衝突を避けるためには敵機に背中を晒さねばならない。彼に選択肢はなかった。
「「ドルフィン!」」
サミーとラプターの声が重なった。
両の翼を撃ち抜かれた。コックピット内を警報が鳴り響く。残っていたエンジン三基中二基が機能停止。右翼の燃料パイプを破損し火災が発生。自動消火装置が作動しない。
「嘘だろ……」
まだ死にたくない。今は嫌だ。ずっと死にたいと思っていたのに、零は今さら生に対する執着を自覚した。まだ、ラプターと話したいことがいっぱいある。
あと一発食らったら落ちる。そう思った時に、敵機は方向転換した。零は言葉を失った。助かったのか。
(一週間どころか、一ヶ月どころか、無期限延期だ!)
地面に降りたらジェフにそう言おうと思った。敵機をラプターが追っていくのを見送る。その後ろをサミーが追いかける。だが、片肺で飛んでいるサミーにラプターを追うことは不可能だろう。
もう祈るしかない。零は己のできることを考えた。まず、消火だ。
自動消火装置を手順に従って再起動してみようと考えた。
ミラは敵機を追った。よくもドルフィンをあそこまでボコボコにしてくれたな! 頭はそれでいっぱいだった。ドルフィンがまだ飛んでいることを首を振って確認し、敵機を追う。
「許さない……」
ミラにとってこの機体は己の翼であるが、搭乗する戦闘機だ。だが、ドルフィンにとっては肉体と変わらない。よくもドルフィンを傷つけたな。
(よくもやったな!)
ミラの頭に完璧に血が上った。

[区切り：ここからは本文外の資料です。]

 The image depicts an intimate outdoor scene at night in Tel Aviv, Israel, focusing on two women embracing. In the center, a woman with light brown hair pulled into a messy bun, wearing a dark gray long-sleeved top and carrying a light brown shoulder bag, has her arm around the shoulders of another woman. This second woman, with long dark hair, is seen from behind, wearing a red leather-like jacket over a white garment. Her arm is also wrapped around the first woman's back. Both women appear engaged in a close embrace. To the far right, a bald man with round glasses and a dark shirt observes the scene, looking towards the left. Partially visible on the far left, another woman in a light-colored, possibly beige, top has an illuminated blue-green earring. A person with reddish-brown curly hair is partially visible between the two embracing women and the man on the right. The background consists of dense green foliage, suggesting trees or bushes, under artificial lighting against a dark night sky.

機関砲を撃ちまくる。
「上空に逃げられるなんて思うなよ!」
ミラの後ろには若干距離を空けてサミーが控えていた。サミーの機体は双発エンジンの片方が死んでいた。ミラほどスピードが出せないのである。どんどん間が空いていく。
ミラと敵機はお互い前になり後ろになりを繰り返し、ミラは敵機をメインアイランドのへりまで追い詰めた。

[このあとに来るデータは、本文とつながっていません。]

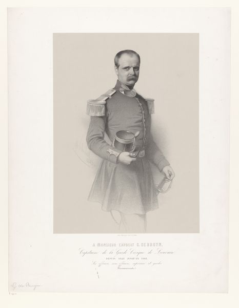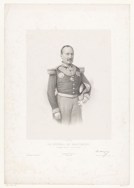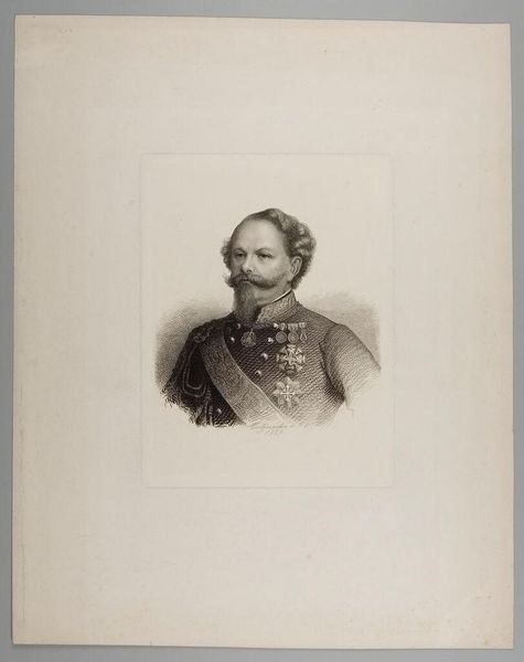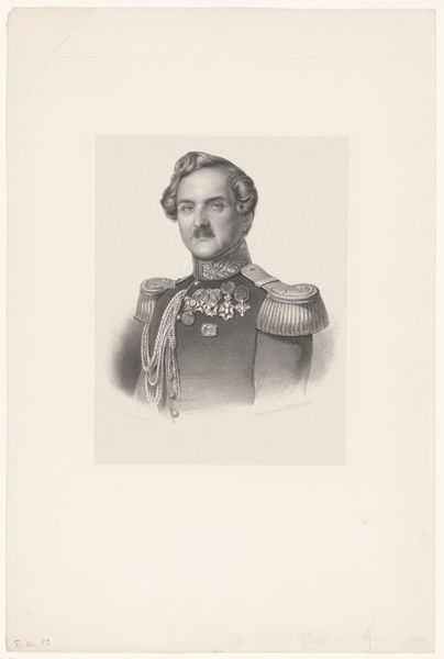 Curator: Here we have a drawing from approximately 1851 to 1883, entitled “Portret van Théodore Guillaume Thierry Victor de Constant Rebecque”. Editor: Oh my, he looks awfully serious! The kind of seriousness that could curdle milk, you know? Lots of fancy embellishments on that uniform though. A certain crispness in those lines as well! Curator: Indeed. The artwork is done in pencil, and we see a man of status, most likely within a military context given the regalia. Let's consider this portrait within a broader framework of 19th-century power structures, especially regarding military figures and their influence. Editor: Well, those medals probably jingled quite merrily when he walked! It does strike me that it must've taken forever to render all that detailing with pencil, it's amazing how delicate and precise some areas are. Can you imagine posing for so long? Curator: Consider also, how portraiture served to solidify identities and legitimize power. The choice of medium, pencil, is interesting – more intimate, perhaps, than oil, yet still conveying authority through careful execution. We might examine this in light of social expectations placed on military leaders and how their image was carefully crafted. Editor: Right? So the message really depends on the artist as well, don't you think? All the power stuff is important, but this feels softer somehow. The overall effect reminds me of a finely-etched memory or a ghost captured on paper, and I love the gentle shadowing. Curator: The artist clearly worked with a vision to showcase the figure, however they may be perceived, so both of our impressions have truth to them. The subtleties in the shading definitely give it that sense of life—even if that life is laced with stern purpose. I think it leaves space for contemplation about how identity and authority intersect within the confines of artistic representation. Editor: Agreed! Thinking about how images speak even when we're not around to hear them adds a nice layer, doesn't it? Thanks for drawing those out with me.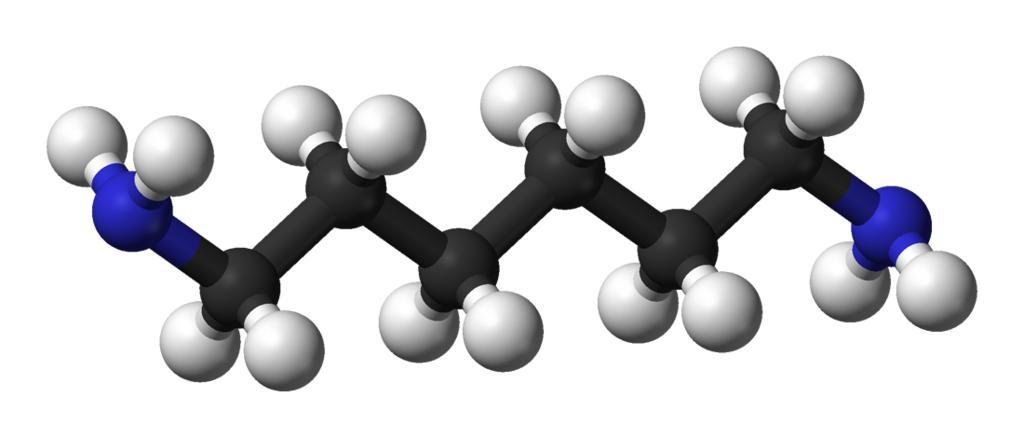 Keywords: 1,6-diaminohexane-3D-balls.png Ball-and-stick model of a molecule of the chemical compound 1 6-Diaminohexane Hexamethylenediamine Kugel-Stab-Modell eines Moleküls der chemischen Verbindung 1 6-Diaminohexan Hexamethylendiamin HMD HMDA Colour legend carbon <span style color 0000cc; >nitrogen</span> <span style color 999999; >hydrogen</span> Own Ben Mills Hexamethylendiamin |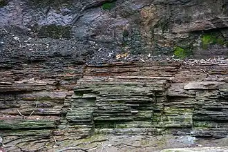 A clay shale,[9] described as bluish or bluish-gray[9] and as olive-black to brownish-black,[13] forms the lower part. The lower part can be anywhere from a few inches to several feet in thickness. This layer is sometimes referred to as the Olmstead shale. This layer has been dated to between 362.6 and 361.0 million years old based on conodont biozones (Bispathodus aculeatus aculeatus to Bispathodus ultimus ultimus zones).[14][15] Thin beds of gray or brown siltstone, lumps of pyrite, and layers of silica-heavy limestone with cone-in-cone structures are found in the lower part. In eastern Ohio, thin gray veins ("stringers") of siltstone appear.[9] In western Ohio,[8] the Cleveland Shale appears to interbed with the Chagrin Shale below it, erasing the clear boundary between the two rock units.[9]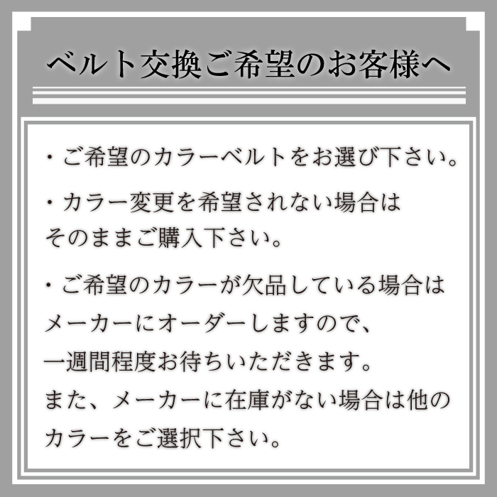 ※ベルト交換、サイズ調整をご希望のお客様はご購入後にお申し付けください。(交換不可の商品もございます)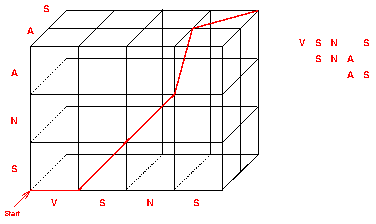 the alignment corresponds to node (3,3,1). Indeed, 3 letters from the first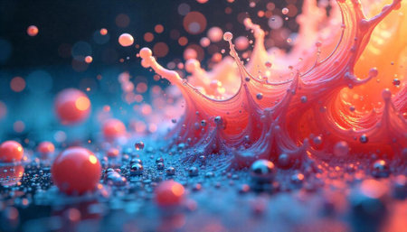 Macro image of liquid splash with bokeh effect background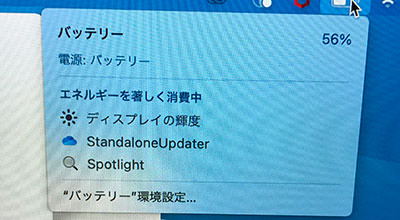 デスクトップ側の右上にあるバッテリーをクリックしても 【修理サービス推奨】の表示は消えていることがわかります。

正面には壁。いつ上昇するか。敵機がギリギリ上昇するかというところで機関砲の残弾を全てぶちまけ、敵機がバランスを崩しながら上昇したところで最後に残っていた二発のミサイルのうち一発を放った。
ミラは慌てながらも操縦桿をめい一杯引いて急上昇をかける。すぐ目の前に、壁があったからだ。